Langkah selanjutnya, Dinas Kesehatan DKI akan melakukan tes ulang terhadap uji sampling depo air minum di Jakarta Barat dengan menggunakan laboratorium pihak ketiga guna mendapatkan second opinion. “Kita akan cek lagi sampelnya dengan menggunakan laboratorium lembaga kesehatan lain. Agar hasilnya benar-benar akurat,” terang dia. Jika hasil second opinion tersebut tidak berbeda dengan hasil sebelumnya, Dien mengatakan pemiliknya harus menutup usahanya.

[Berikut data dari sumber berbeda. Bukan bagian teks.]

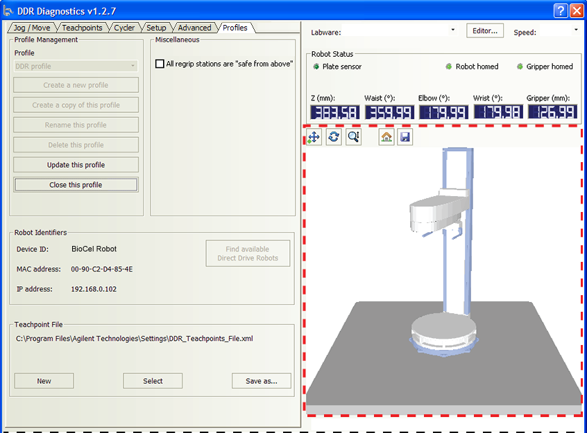Click Initialize this profile. In the Robot Status area, a graphical representation of the robot and teachpoints (if any) appear. In addition, the robot coordinates are updated.IMPORTANT The system table displayed in the Robot Status area should be representative of the actual system table. If no image appears, or if the dimensions in the image appears to be incorrect (for example, a rectangular table appears in the software but the actual system table is square), see Specifying the table dimensions and robot position.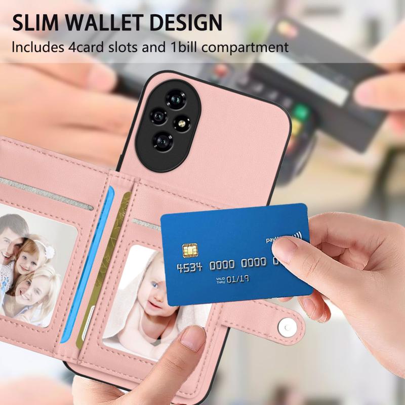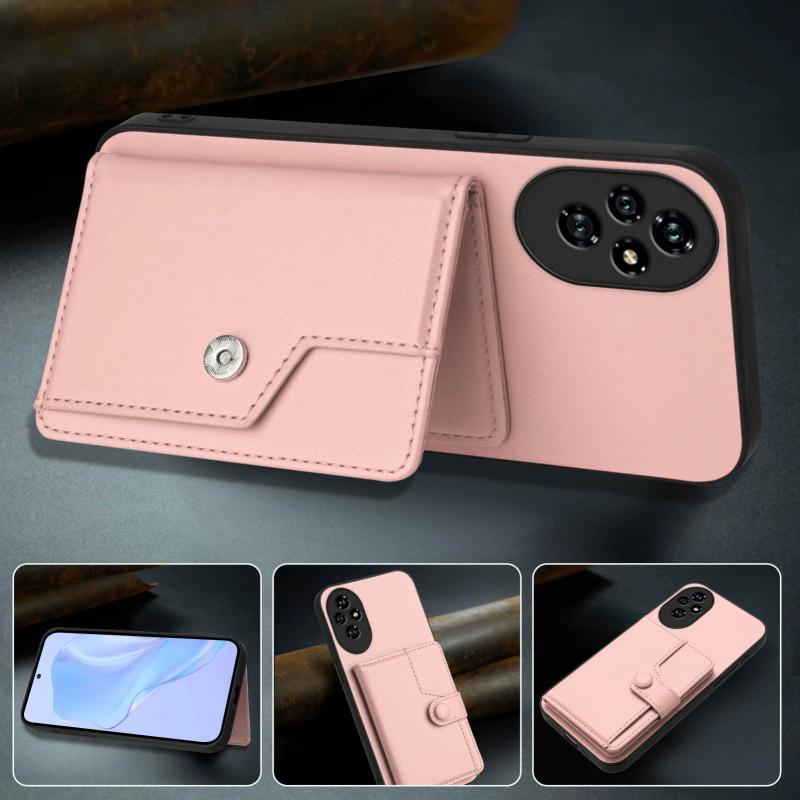 For Honor 200 Pro Button Card Bag RFID Anti-theft Phone Case(Pink)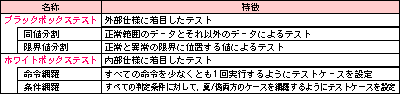 ブラックボックステスト関連の問題は比較的詳細な内容まで出題対象となっています。 |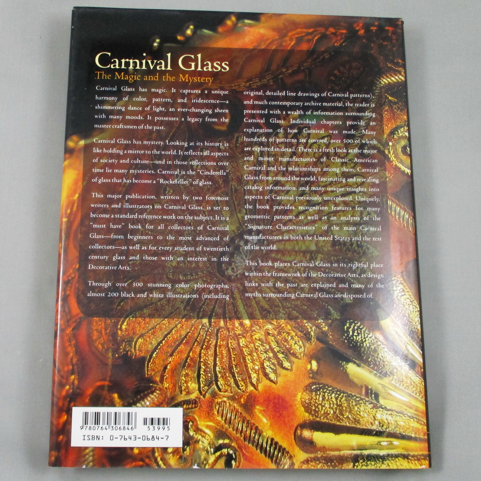 Book:  Carnival Glass The Magic and the Mystery by Glen & Stephen Thistlewood , Hardback with Dust Jacket, 8 3/4“ x 11 1/4“, 3#2.4oz, c: 1998, Publisher: Shiffer, 224 pgs.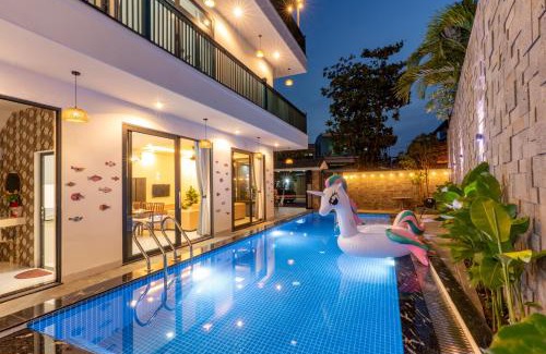Sunny Beach Villa is located in Danang, just a 8-minute walk from My Khe Beach and 2.4 miles from Song Han Bridge. This beachfront property offers access to a terrace and free Wifi. The villa offers an outdoor swimming pool and a shared kitchen. The villa features 6 bedrooms, a fully equipped kitchen with a minibar, a washing machine, and 6 bathrooms. A flat-screen TV is offered. The accommodation is non-smoking. Guests can also relax in the shared lounge area. Indochina Riverside Mall is 2.9 miles from Sunny Beach Villa, while Love Lock Bridge Da Nang is 2.9 miles from the property. Da Nang International Airport is 6.2 miles away.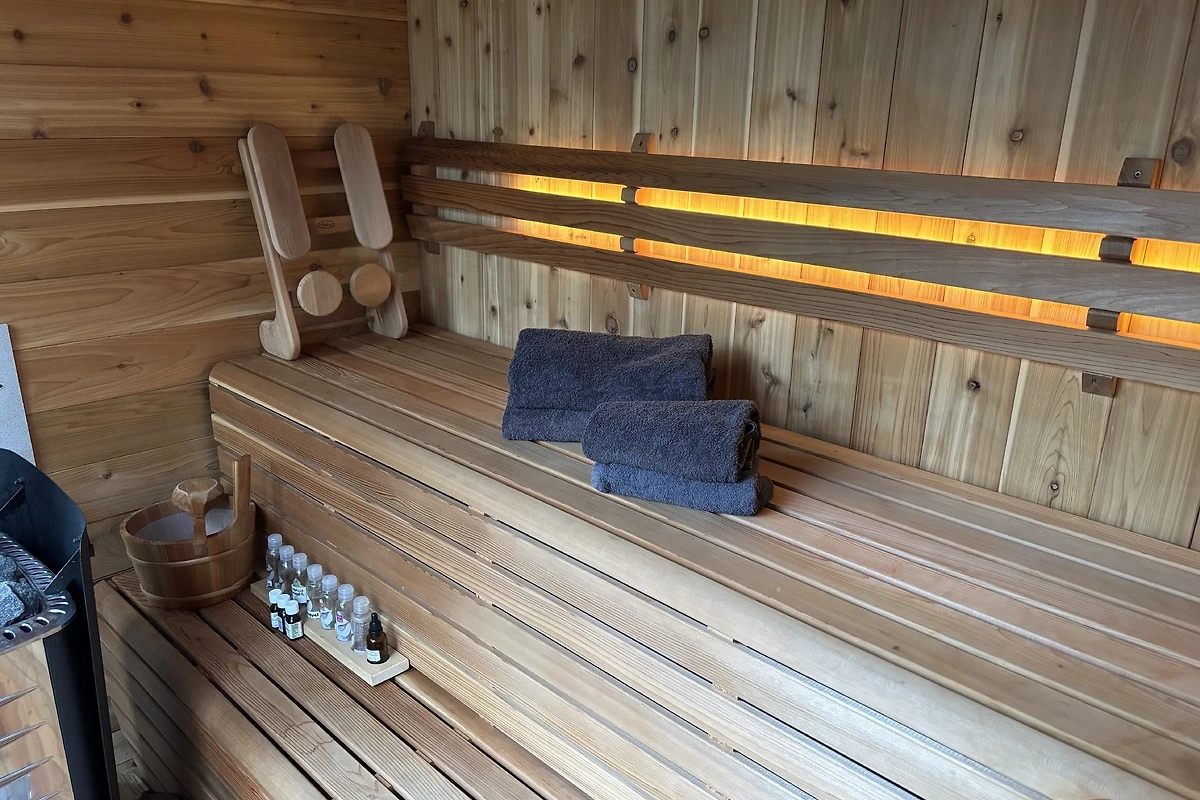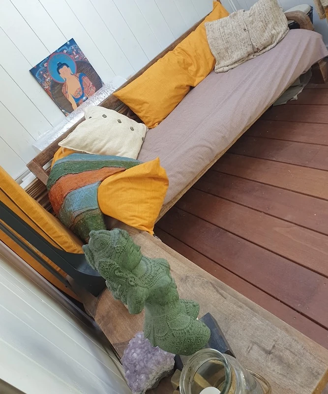 Casa di 130 m2, con tre camere da letto e una sala yoga completamente attrezzata. Due bagni, cucina aperta e ampio soggiorno. Una verranda con pavimento in legno duro.

Terkait hasil temuan tersebut, Gubernur DKI Jakarta Fauzi Bowo menegaskan akan mencabut sertifikat laik sehat usaha depo air minum isi ulang yang lalai menjaga kebersihan dan keamanan sehingga mengakibatkan penyakit bagi warga Jakarta. “Saya minta usaha depo itu ditutup saja. Daripada mendatangkan kerugian bagi masyarakat,” kata Fauzi di Balaikota DKI, Rabu (7/1). Fauzi juga telah memerintahkan Dinas Kesehatan DKI dan BPOM untuk melakukan pemeriksaan total seluruh depo air minum isi ulang di lima wilayah Jakarta. "Tidak boleh ada satu pun usaha depo yang lolos dari pemeriksaan kadar bakter dan bahan kimiawi," tandasnya. Ketegasan ini dilakukan untuk mencegah terjadinya penyakit membahayakan dan memberikan jaminan kesehatan kepada masyarakat.
 
(dkutip dari Berita Jakarta.com Tgl 07-01-2009)




 
 

Hati - Hati Tertipu !!!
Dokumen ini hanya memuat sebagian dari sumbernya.